The task is to classify images of plants into eight different species categories. Each category corresponds to a specific plant species. The goal is to build a machine learning model that can predict the correct class label for a given image.
You can download the dataset here
-
Image Size: 96x96 pixels
-
Color Space: RGB
-
File Format: JPG
-
Number of Classes: 8
-
Classes:
- Species1
- Species2
- Species3
- Species4
- Species5
- Species6
- Species7
- Species8
The dataset is organized in a single folder named "training," which contains 3542 images. These images are already divided into sub-folders, each corresponding to a specific class. The distribution of training images per class is as follows:
- Species1: 186 images
- Species2: 532 images
- Species3: 515 images
- Species4: 511 images
- Species5: 531 images
- Species6: 222 images
- Species7: 537 images
- Species8: 508 images
The provided Python code aims to address the plant species classification task. Here's a high-level overview of the code's structure and the approach used:
-
Setup and Dependencies
- The code begins by importing necessary libraries and setting up the environment.
- It installs the
keras_tuner
package and imports various TensorFlow and Keras components.
-
Data Loading and Preprocessing
- The code loads and preprocesses the dataset using TensorFlow utilities.
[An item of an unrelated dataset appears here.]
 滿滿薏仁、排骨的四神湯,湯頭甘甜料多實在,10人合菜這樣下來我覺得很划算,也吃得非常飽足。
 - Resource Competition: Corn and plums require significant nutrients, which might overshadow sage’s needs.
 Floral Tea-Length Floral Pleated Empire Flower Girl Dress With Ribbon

- It applies data augmentation techniques to the training dataset to improve model generalization.
-
Model Building
- The code defines a neural network model for plant species classification.
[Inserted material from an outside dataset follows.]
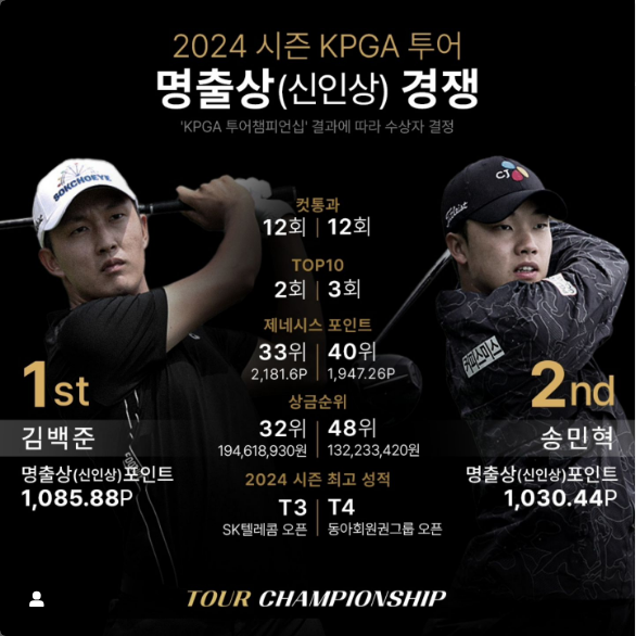 2024 시즌의 마지막을 장식하는 ‘KPGA 투어챔피언십’은 7일부터 10일까지 제주 표선의 사이프러스 골프 앤 리조트에서 열린다. 이번 대회는 72홀 스트로크 플레이 방식으로 진행되며, 모든 선수가 컷오프 없이 4라운드를 소화한다. 우승자는 2년간 투어 시드와 1,000 제네시스 포인트를 획득하며, 총상금은 11억 원이다.
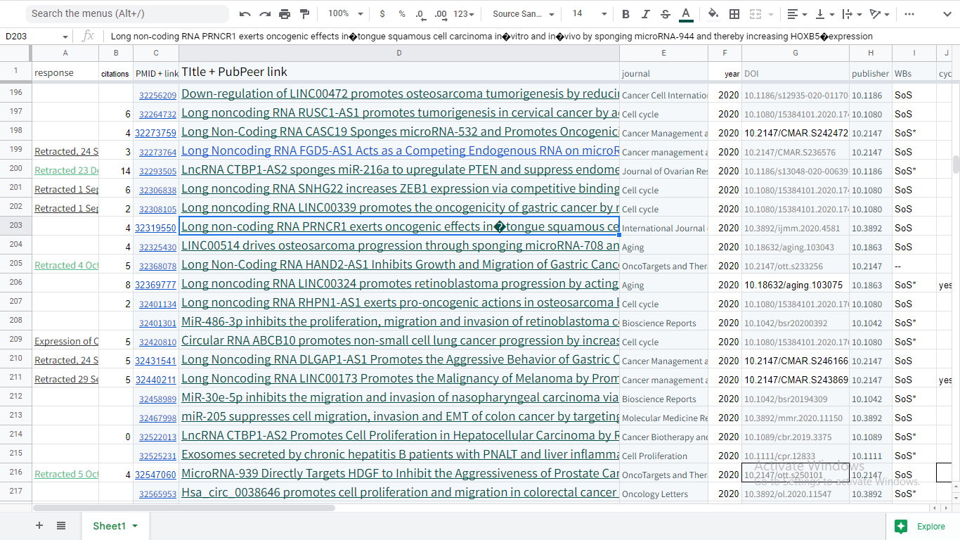 The generative, rule-driven nature of these romances made it easy to extend the list of examples, using PubMed’s “Similar papers” function, though much credit belongs to ImageTwin. By now the spreadsheet contains over 270 entries from 2016-2021, which is not enormously prolific by papermill standards but is still a respectable quantum of bullshit. A trail of continuity leads to newer, more-varied papers, mining new seams of Long non-coding RNAs, maybe the micro-RNA seam was exhausted?

- It starts with a convolutional base followed by fully connected layers.
- The model uses transfer learning with Xception and fine-tuning of layers.
-
Training
- The code trains the model using the training dataset.
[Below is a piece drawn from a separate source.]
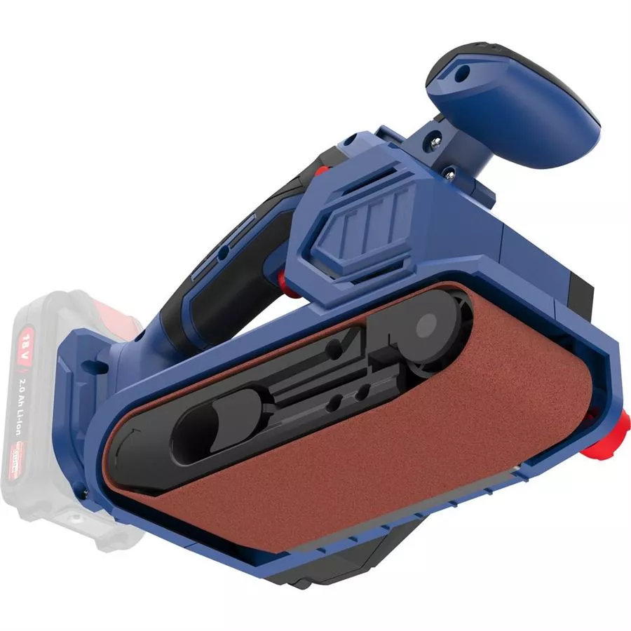 - Akumulátorová pásová bruska ze série akumulátorového nářadí 18V E3. Plynulá, variabilní předvolba rychlosti brusného pásu, ergonomická rukojeť s měkkým povrchem. Broušení hran, vodící rukojeť pro pohodlnou práci. Systém rychlé výměny brusného pásu. Jednoduché nastavení chodu pásu nastavením otočného kolečka. Výkonné, integrované odsávání prachu. Dodává se bez akumulátoru a nabíječky.

- Training includes an early stopping callback to prevent overfitting.
- Three phases of training are conducted: base model, fine-tuning all layers, and fine-tuning specific layers.
-
Keras Tuner
- The code uses Keras Tuner to search for optimal hyperparameters for model training.
- It defines a hyperparameter search space and performs a search to find the best hyperparameters.
-
Ensure you have the required Python libraries installed, especially TensorFlow, Keras, and Keras Tuner.
-
Organize your dataset into the structure described in the "Dataset Structure" section.
-
Open the provided Python code in a compatible environment (e.g., Jupyter Notebook, Google Colab).
-
Run the code step by step, following the order described in the code.
-
After training, you can use the trained model for plant species classification on new images.
For more details about the model you can read the report, where everyting is explained in detail.
This code is designed to address the plant species classification task with the provided dataset for ANNDL course challenge here at polimi. My team have received 5.5 out of 5.5 points doing this challenge.